On Fri, Mar 27, 2015 at 02:01:59AM -0700, Andrew Morton wrote:
> On Fri, 27 Mar 2015 01:48:33 -0700 Christoph Hellwig <hch@infradead.org> wrote:
> 
> > On Fri, Mar 27, 2015 at 01:35:16AM -0700, Andrew Morton wrote:
> > > fincore() doesn't have to be ugly.  Please address the design issues I
> > > raised.  How is pread2() useful to the class of applications which
> > > cannot proceed until all data is available?
> > 
> > It actually makes them work correctly?  preadv2( ..., DONTWAIT) will
> > return -EGAIN, which causes them to bounce to the threadpool where
> > they call preadv(...).
> 
> (I assume you mean RWF_NONBLOCK)
> 
> That isn't how pread2() works.  If the leading one or more pages are
> uptodate, pread2() will return a partial read.  Now what?  Either the
> application reads the same data a second time via the worker thread
> (dumb, but it will usually be a rare case)

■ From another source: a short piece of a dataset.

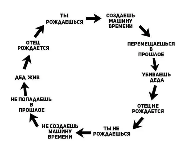 3. 光速理论 相对论告诉我们,当物体的速度接近光速时,其时间相对于静止物体而言会变慢。这种效应被称为相对论性时间膨胀,它不能被视为真正的时间旅行,因为这只是相对论中的效应之一。就像神经网络理论一样,光速理论只允许向未来旅行。当物体以接近光速的速度运动时,以该速度运动的人所测量的旅行时间,总是小于静止的人(更准确地说:没有经历加速度的人——“双生子佯谬”*)所测量的时间。双胞胎佯谬是一种思想实验,旨在证明狭义相对论(СТО)的矛盾性。根据狭义相对论,从“静止”观察者的角度来看,运动物体的所有过程都会变慢。 从留在家里的人(“宅男”)的角度来看,运动中的旅行者的时钟时间流逝变慢,因此当旅行者返回时,其时钟应该会比留在家里的人的时钟慢。另一方面,在旅行者的参考系中,地球在移动且速度在加快,因此居家者的时钟应该会变慢。实际上,两者是等价的,所以返回后他们的时钟应该显示相同的时间。 4. 快子相对论 快子是一种假设的粒子,它在静止状态下以光速运动。由于 tachyons(快子)的运动速度超过光速,因此从理论上讲,借助它们可以向过去传递信息。证明这种粒子存在的主要问题在于它会违背因果律。如果将快子发送到某个反射面,那么它反射后会在发送之前就回到发送地点。同样,利用它还可以引发“祖父悖论”*,这会导致逻辑问题。 尽管存在这些理论上的问题,人们仍尝试寻找这种粒子。2011年9月,欧洲核子研究中心(CERN)宣布,他们成功将陶中子加速到超过光速。但后来发现,这只是传感器的故障。祖父悖论是指一个人通过时光机回到过去,在其亲生祖父遇见其祖母之前将祖父杀害。其结果意味着,该时间旅行者的其中一位父母,进而连时间旅行者本人,都将不复存在。也就是说,最终他无法进行时间旅行,而这反过来意味着他的祖父会存活下来,他也会出生,这又会让他能够进行时间旅行并杀死自己的祖父。因此,每一种可能性都意味着否定其自身,从而形成了一个逻辑悖论。

The problem with the above is that we can't tell the difference
between pread2() returning a short read because the pages are not
in cache, or because someone truncated the file. So we need some
way to differentiate this.

My preference from userspace would be for pread2() to return
EAGAIN if *all* the data requested is not available (where
'all' can be less than the size requested if the file has
been truncated in the meantime).

So:

ret = pread2(fd, buf, size_wanted, RWF_NONBLOCK)

if (ret == -1) {
	if (errno == EAGAIN) {
		goto threadpool...
	}
	.. real error..
}

if (ret == size_wanted) {
	.. normal read, file not truncated...
}

if (ret < size_wanted) {
	.. file was truncated..
}

The thing I want to avoid is the case where
ret < size_wanted means only part of the file
is in cache.

WARNING: multiple messages have this Message-ID (diff)
From: Jeremy Allison <jra@samba.org>
To: Andrew Morton <akpm@linux-foundation.org>
Cc: Christoph Hellwig <hch@infradead.org>,
	Milosz Tanski <milosz@adfin.com>,
	linux-kernel@vger.kernel.org, linux-fsdevel@vger.kernel.org,
	linux-aio@kvack.org, Mel Gorman <mgorman@suse.de>,
	Volker Lendecke <Volker.Lendecke@sernet.de>,
	Tejun Heo <tj@kernel.org>, Jeff Moyer <jmoyer@redhat.com>,
	Theodore Ts'o <tytso@mit.edu>, Al Viro <viro@zeniv.linux.org.uk>,
	linux-api@vger.kernel.org,
	Michael Kerrisk <mtk.manpages@gmail.com>,
	linux-arch@vger.kernel.org, Dave Chinner <david@fromorbit.com>
Subject: Re: [PATCH v7 0/5] vfs: Non-blockling buffered fs read (page cache only)
Date: Fri, 27 Mar 2015 08:58:54 -0700	[thread overview]
Message-ID: <20150327155854.GA5548@samba2> (raw)
In-Reply-To: <20150327020159.eadd0ce1.akpm@linux-foundation.org>

On Fri, Mar 27, 2015 at 02:01:59AM -0700, Andrew Morton wrote:
> On Fri, 27 Mar 2015 01:48:33 -0700 Christoph Hellwig <hch@infradead.org> wrote:
> 
> > On Fri, Mar 27, 2015 at 01:35:16AM -0700, Andrew Morton wrote:
> > > fincore() doesn't have to be ugly.  Please address the design issues I
> > > raised.  How is pread2() useful to the class of applications which
> > > cannot proceed until all data is available?
> > 
> > It actually makes them work correctly?  preadv2( ..., DONTWAIT) will
> > return -EGAIN, which causes them to bounce to the threadpool where
> > they call preadv(...).
> 
> (I assume you mean RWF_NONBLOCK)
> 
> That isn't how pread2() works.  If the leading one or more pages are
> uptodate, pread2() will return a partial read.  Now what?  Either the
> application reads the same data a second time via the worker thread
> (dumb, but it will usually be a rare case)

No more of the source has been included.